Как оказалось, постройки у распадка были рыбацким селением, где теперь расположился ханский дозор. Не составляло труда догадаться о том, что стража тут стоит не случайно и от укромной бухточки ближе всего до Бахчисарая. Само собой, это было известно капитану галеры, и он хорошо знал, куда идти. И, конечно же, в своих предположениях Эмин-паша не ошибся, особенно после того, как начальник дозора со всем почтением предложил высокому гостю отдохнуть с дороги. Правда, всего лишь глянув на убогое жильё, Эмин-паша отказался от отдыха и заявил, что намерен продолжить путь немедленно.
К удивлению Эмина-паши, кони были предоставлены быстро, и, садясь в седло, посланец султана внутренне улыбнулся. Он припомнил, как ещё совсем недавно ему доводилось сутками не слезать с коня, и эти воспоминания молодости вселили в него уверенность, что усталость от изматывающего морского путешествия скоро пройдёт, позволив ему ехать без остановок. К тому же, стремясь быстрее достигнуть Бахчисарая, задерживаться здесь Эмин-паша никак не собирался, а потому, едва его спутники тоже оседлали коней, нетерпеливо тронул поводья.
Дорога, а точнее сказать, тропа, начинаясь от самого распадка, круто шла на подъём, и когда кавалькада всадников, где посланник султана ехал уже в сопровождении вооружённого татарского конвоя, выбралась наверх, перед Эмином-пашой открылась красочная панорама крымских предгорий. Однако любоваться окрестностями Эмин-паша не желал, а, скорее наоборот, почувствовав некий прилив сил, принялся загодя обдумывать, что именно он скажет весьма своенравному крымскому хану, чтобы как можно лучше и быстрее выполнить наказ султана…

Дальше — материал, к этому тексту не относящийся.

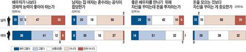 반면 여성들은 전체의 77%가 '그렇다'고 답해 대조를 이뤘다. 여성 응답자 중 '배우자의 능력이 자신보다 좋을 필요가 없다'고 말한 응답자는 11%에 불과했다.
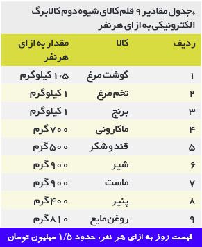 خلیج فارس:دولت در طرح کالابرگ جدید مبلغ یک میلیون تومان به ازای هر نفر به حساب سرپرستان خانوار واریز کرده است.
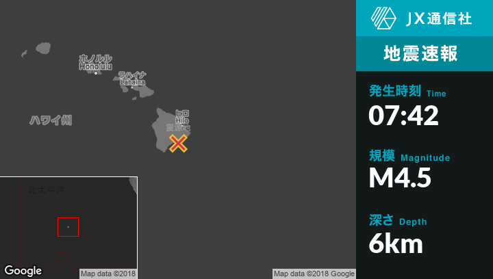 5月05日 07:42頃、ハワイのVolcanoから南13kmの地点でM4.5の地震がありました。
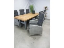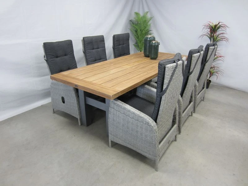 6 verstelbare tuinstoelen met teak tuintafel 240 x 100 cm.

Оставшийся на берегу начальник дозора уверял Эмина-пашу, что путь до Бахчисарая не будет долгим, но, по мере того как всадники, миновав обширное плоскогорье, всё больше углублялись в горы, посланник султана стал в этом сомневаться. Правда, тропа выглядела достаточно битой, привычные к такому пути татарские кони шли ходко, вдобавок ехавший первым проводник то и дело командовал переходить с шага на рысь, а значит дорогу знал хорошо. К тому же довольно скоро впереди замаячили вершины Чуфут-Кале, и Эмин-паша подумал, что последний отрезок пути, не в пример переходу морем, будет лёгким.
4
Морея – средневековое название полуострова Пелопоннес на крайней южной оконечности Балканского полуострова, в южной части современной Греческой Республики.